It was the summer of 1940, and World War II had been raging for nearly a year. Buoyed by his successes on the Continent, Hitler was now planning an invasion of England to seal Europe's fate.
Though the United States was still a neutral country, a few Americans decided they couldn't remain on the sidelines. They joined Britain's Royal Air Force to defend the country - with the future of civilization hanging in the balance.
The Few tells the dramatic and unforgettable story of these Americans who defied their own country's neutrality laws and risked their very citizenship to fight side-by-side with England's finest pilots. Flying the lethal and elegant Spitfire, they became "knights of the air" who, with minimal training but plenty of guts, dueled the skilled and fearsome aces of Germany's Luftwaffe.
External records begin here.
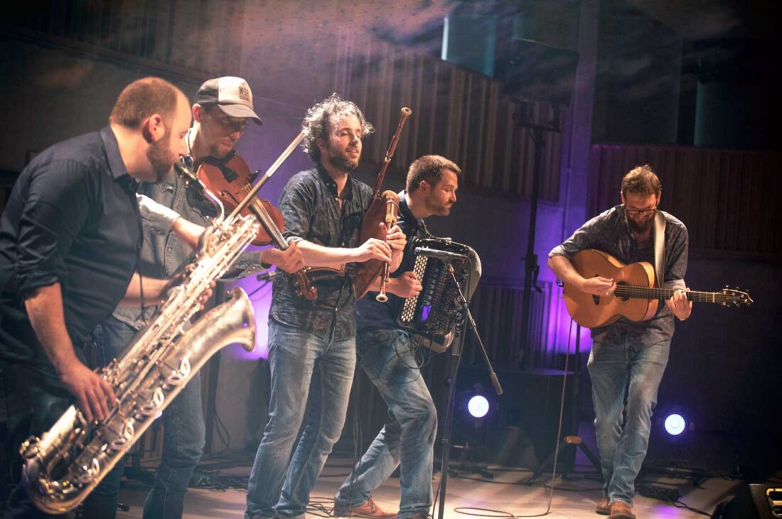 Each member of the band is a serious student of his chosen instrument and has a long experience in a wide range of musical genres. Fabio Di Meo, baritone sax; Jeroen Goegbuer, fiddles, mandolin and banjo; Pieterjan Van Kerckhoven, bagpipes, soprano sax and piano; Bert Ruymbeek, accordion; and Jonas Scheys, guitars and double bass. All experts in their respective fields. With great respect for the traditional music of their homeland, the group breathes new life into ancient, striking melodies.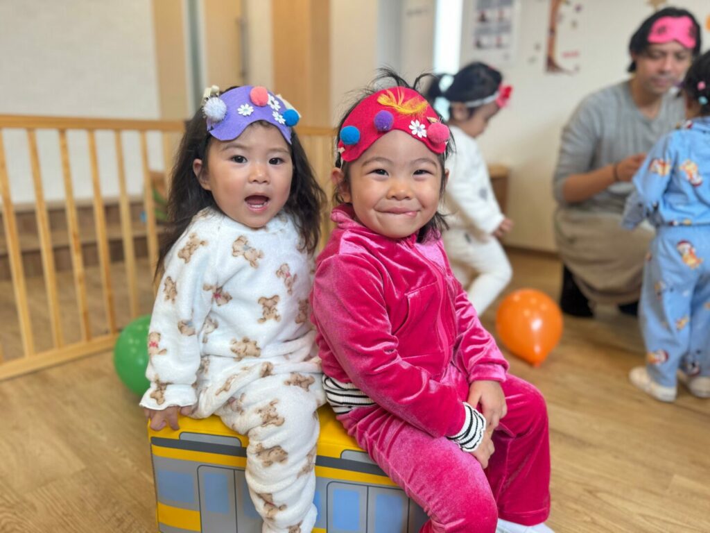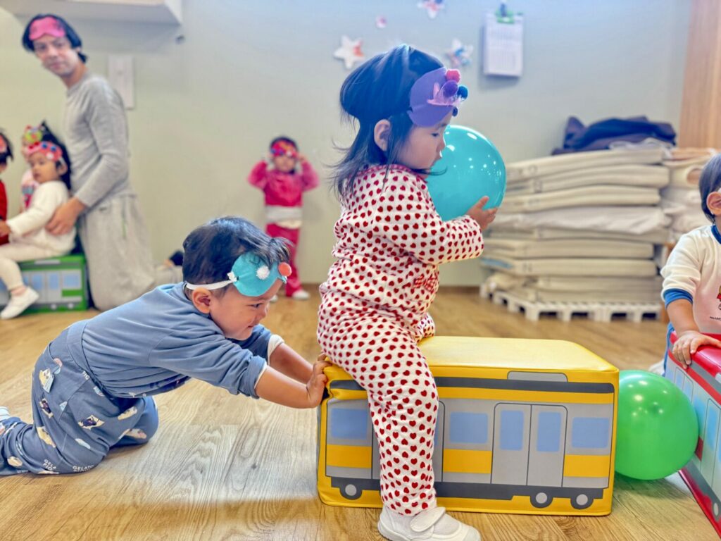 おやつの後は、にぎやかな遊びの時間を楽しみました。風船で遊んだり、電車で遊んだり、ダンスパーティーも行いました。「Sleeping Bunnies」に合わせて踊る姿はとても可愛らしかったです。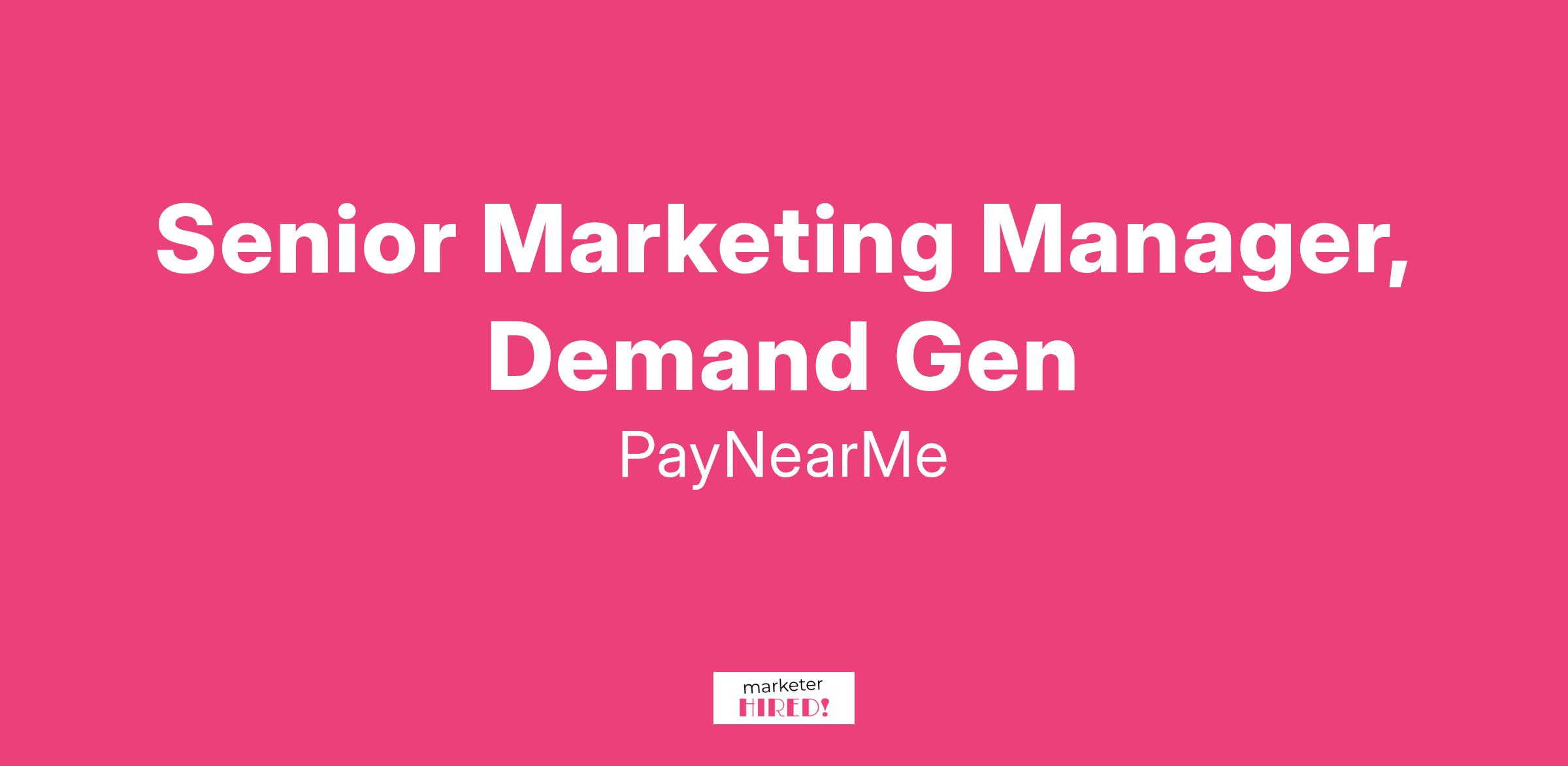 The Sr. Marketing Manager, Demand Gen will take ownership of large-scale demand gen marketing initiatives by developing, executing, and influencing programs to drive awareness, demand and opportunity creation in the Financial Institutions & Lending vertical at PayNearMe.

By October 1940, they had helped England win the greatest air battle in the history of aviation. Some five years later, at war's end, just one of them would be alive. Winston Churchill once said famously of all those who fought in the Battle of Britain, "Never in the field of human conflict was so much owed by so many to so few." These daring Americans were the few among the "few."
Alex Kershaw is the author of the widely acclaimed books The Bedford Boys, The Longest Winter and two biographies: Jack London and, more recently, Blood and Champagne: The Life and Times of Robert Capa. He has been a journalist and a screenwriter in Britain and now lives in Bennington, Vermont.